*Work instructions*. Copy out the data word for word, without any of its pictures.

*Input data*.
◇ ◇ ◇ ◇
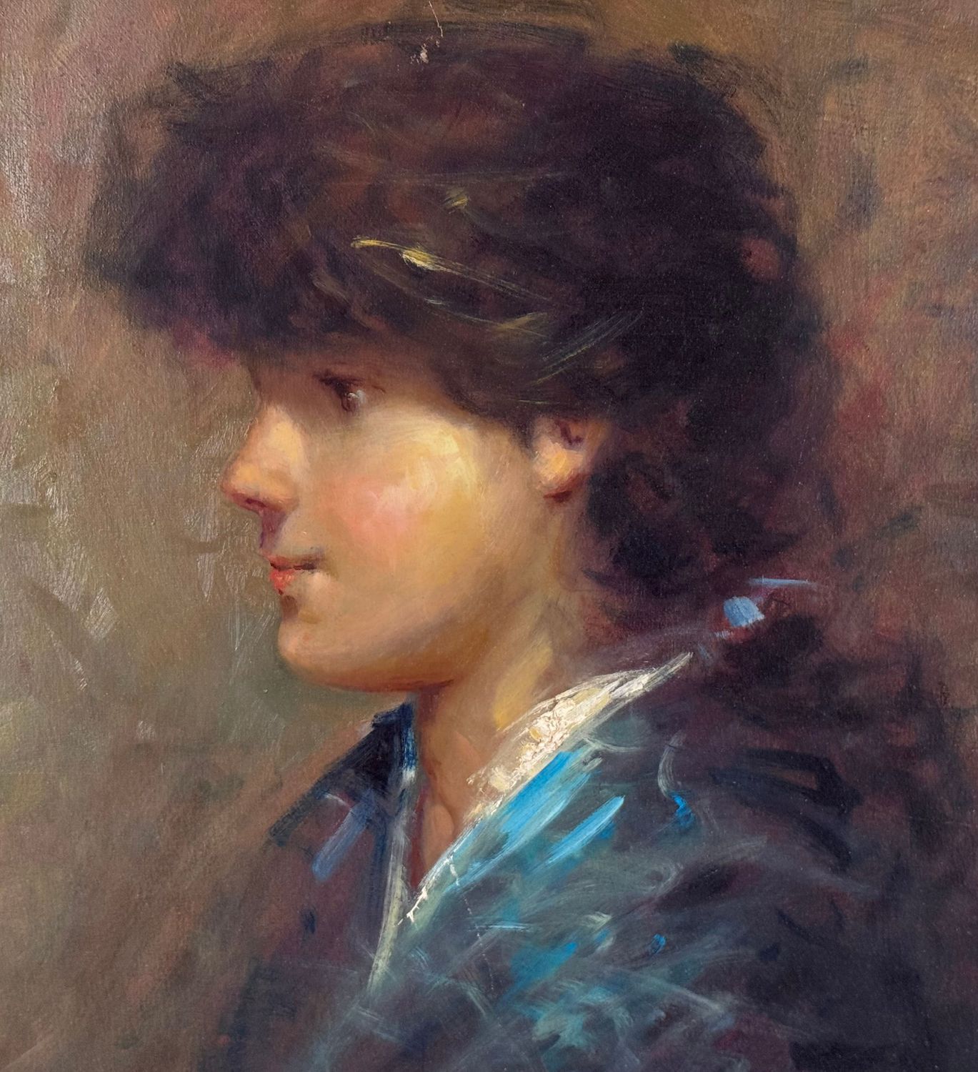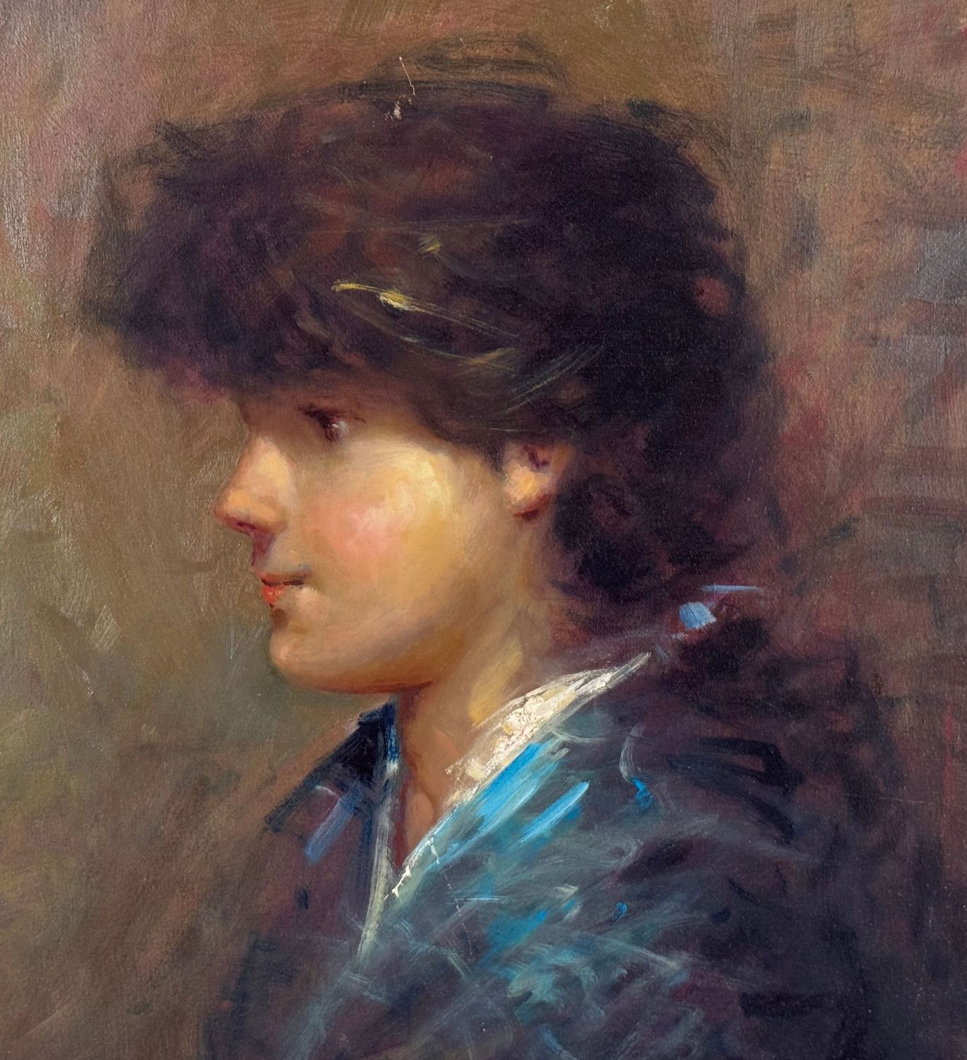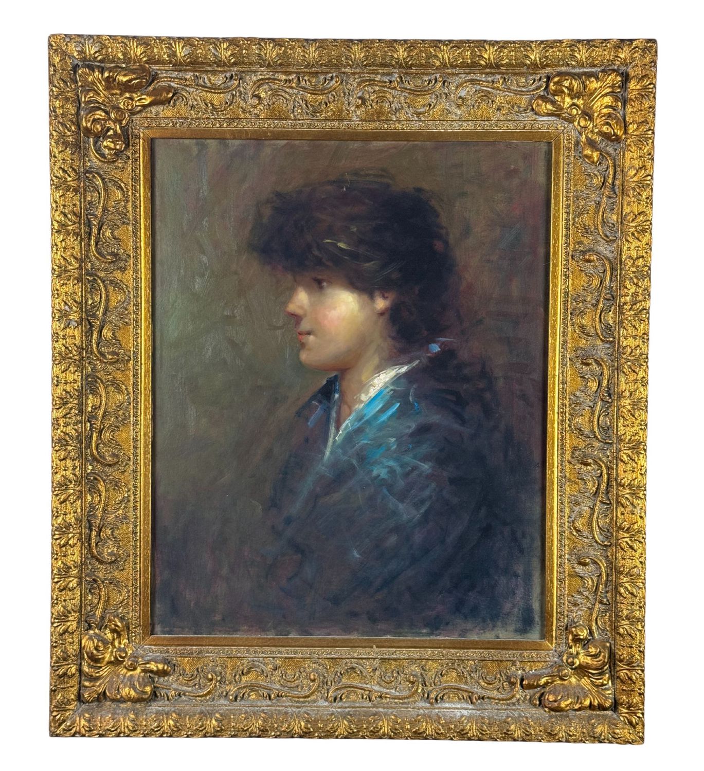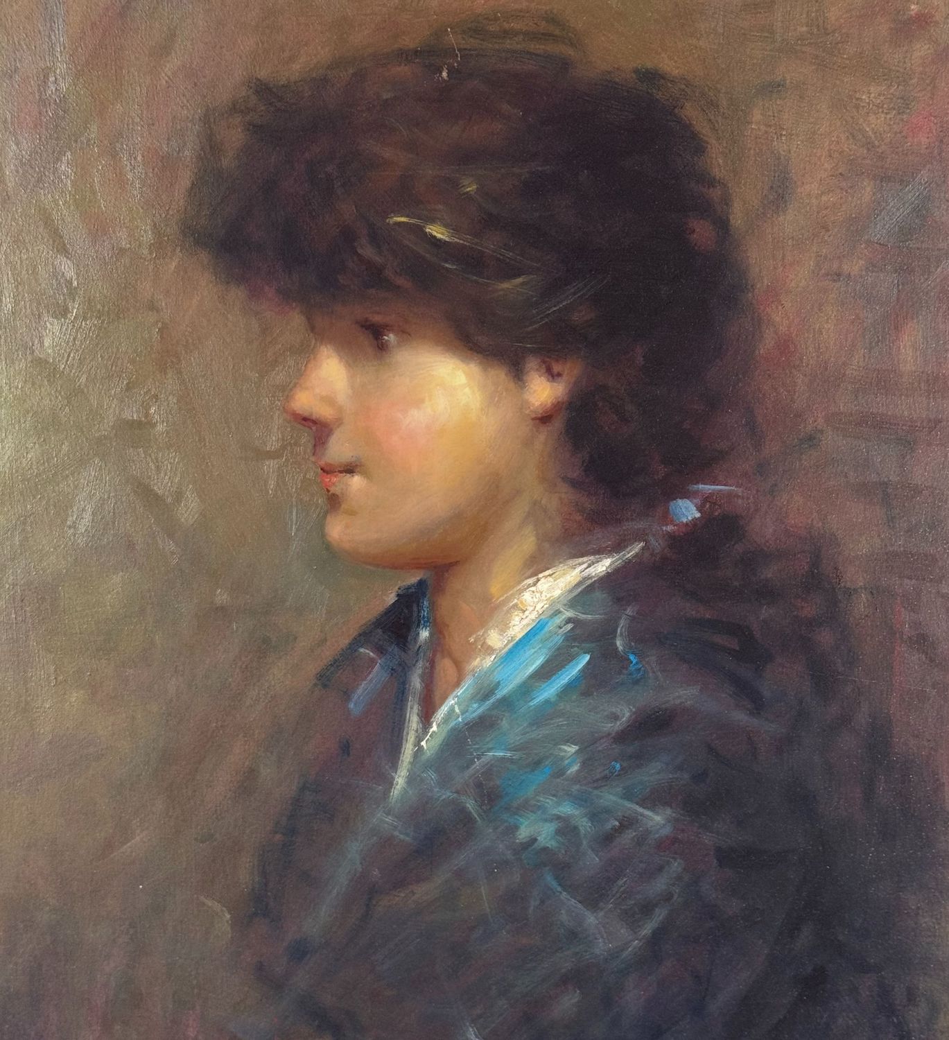 Dipinto olio su tela, periodo XX secolo scuola Italiana, raffigurante Profilo di giovane donna. Dimensioni compreso cornice: 58x67 cm. Dimensioni interno cornice: 40x50 cm. Da artista anonimo. Opera in buone condizioni.
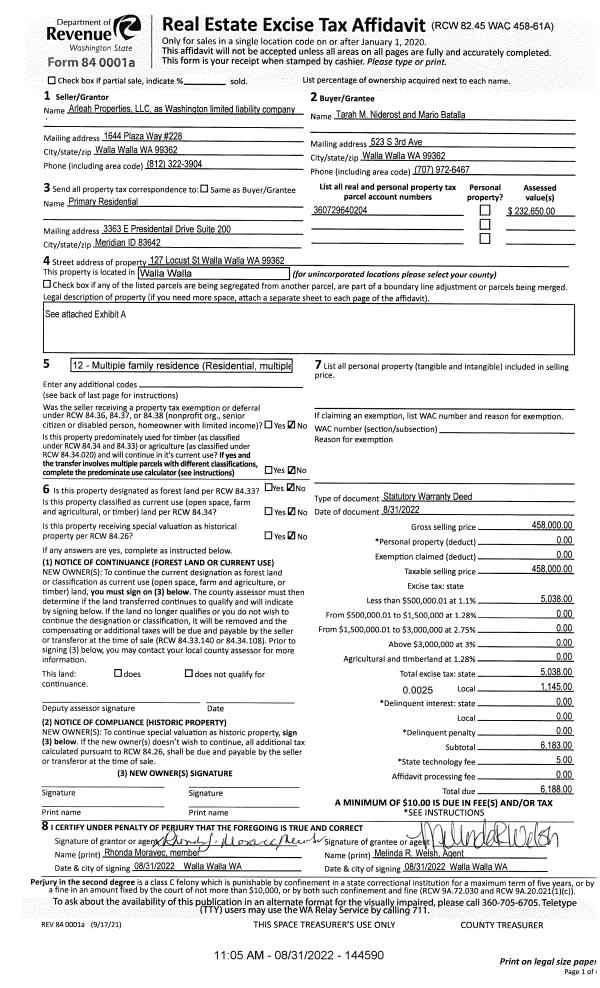 | 3 | 08/31/2022 | SWD | STATUTORY WARRANTY DEED | ARLEAH PROPERTIES LLC | NIDEROST TARAH M & MARIO BATALLA | | | $458,000.00 | 144590 | 2022-07291 |
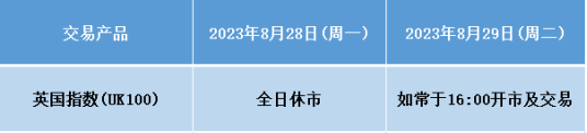 因应2023年8月28 日为英国市场假期,本公司以下产品的交易时间将于假期期间作以下安排,敬请留意。
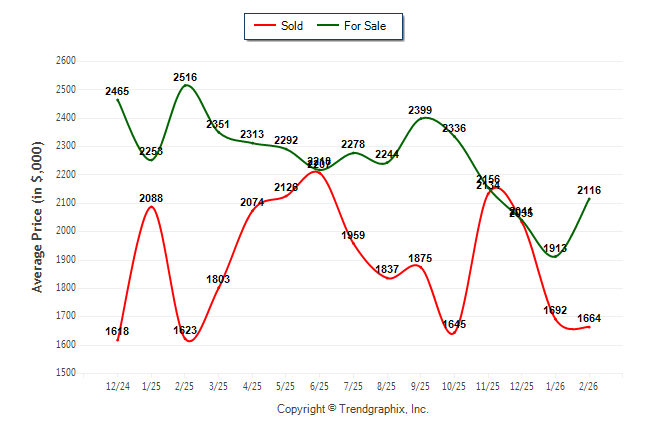 February 2026 Average For Sale Price was Neutral and Average Sold Price was Neutral**
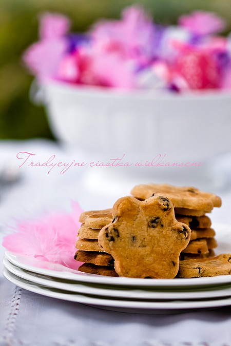 Tradycyjne angielskie ciasteczka wielkanocne są bogate w rodzynki, skórkę pomarańczową i delikatnie pachną przyprawami korzennymi. Miękko – kruche, z cukrową, lekko kruchą skorupką. Podarowane gościom podczas niedzieli wielkanocnej. Polecam!
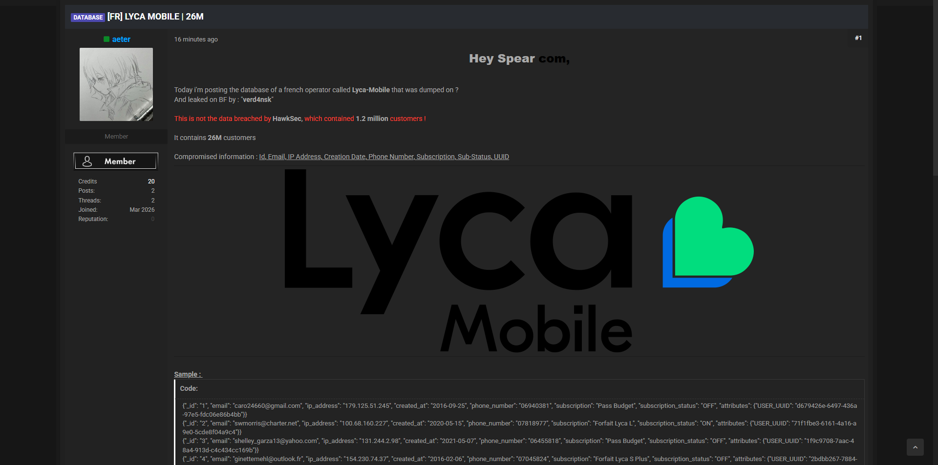 威胁行为者在黑客论坛上曝光了法国移动运营商Lyca Mobile的客户数据库,包含用户ID、电子邮件地址、IP地址、账户创建日期、电话号码、订阅类型、订阅状态及UUID标识符等字段,共涉及2600万条用户记录。
◇ ◇ ◇ ◇
*Response for this exercise*.
 Dipinto olio su tela, periodo XX secolo scuola Italiana, raffigurante Profilo di giovane donna. Dimensioni compreso cornice: 58x67 cm. Dimensioni interno cornice: 40x50 cm. Da artista anonimo. Opera in buone condizioni.
 | 3 | 08/31/2022 | SWD | STATUTORY WARRANTY DEED | ARLEAH PROPERTIES LLC | NIDEROST TARAH M & MARIO BATALLA | | | $458,000.00 | 144590 | 2022-07291 |
 因应2023年8月28 日为英国市场假期,本公司以下产品的交易时间将于假期期间作以下安排,敬请留意。
 February 2026 Average For Sale Price was Neutral and Average Sold Price was Neutral**
 Tradycyjne angielskie ciasteczka wielkanocne są bogate w rodzynki, skórkę pomarańczową i delikatnie pachną przyprawami korzennymi. Miękko – kruche, z cukrową, lekko kruchą skorupką. Podarowane gościom podczas niedzieli wielkanocnej. Polecam!
 威胁行为者在黑客论坛上曝光了法国移动运营商Lyca Mobile的客户数据库,包含用户ID、电子邮件地址、IP地址、账户创建日期、电话号码、订阅类型、订阅状态及UUID标识符等字段,共涉及2600万条用户记录。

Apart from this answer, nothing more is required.